Carlo Dilonardo, il regista di questa versione teatrale, riesce a cogliere bene il primo livello di immediatezza e di velocità con cui la parte più superficiale dell’intreccio viene immediatamente posta davanti al pubblico, senza schermi o finzioni. Gioca bene in questo senso la scelta obbligata di far muovere i propri attori nell’esiguo spazio delle piccole Stanze Segrete, facendoli ruotare costantemente intorno all’unico tavolo disposto in mezzo al pubblico, circondati da pareti di specchi che rimandano sguardi, sfide e parole da una prospettiva all’altra.
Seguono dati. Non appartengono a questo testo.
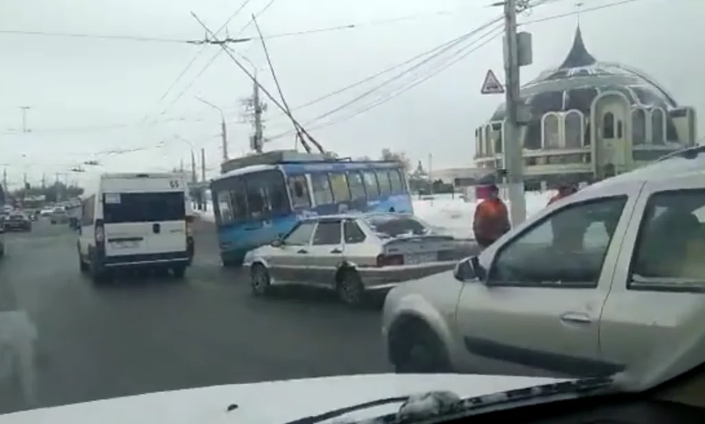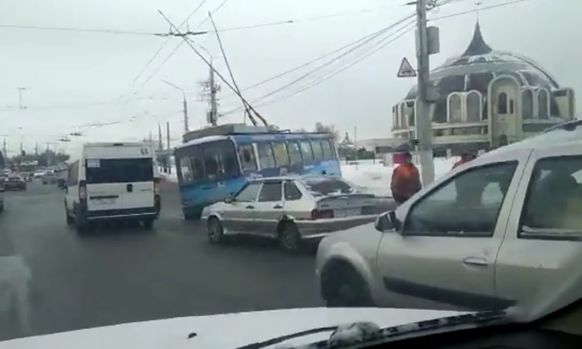 Как сообщают очевидцы, в час пик на ул. Октябрьской, при въезде на Зареченский мост, троллейбус вылетел на трамвайные пути.

Tuttavia il regista non chiede molto di più, e non considera altre prospettive di analisi e approfondimento se non i naturali giochi di potere e di seduzione in una coppia che come abbiamo detto è invece costruita a più livelli e dove tutto sommato contano più i moti interiori dell’animo sottolineati dai silenzi e non dalle parole, spesso semplicemente ‘dette’ e non interpretate dai due attori – Alessia Cristiani e Carmine Balducci – che si immergono con generosità nel complesso universo schmittiano, ma possono sicuramente acquistare ancora in maturità ed esperienza nella loro interpretazione, che rimane appunto ferma a un livello più leggero rispetto a quanto chiederebbe il testo.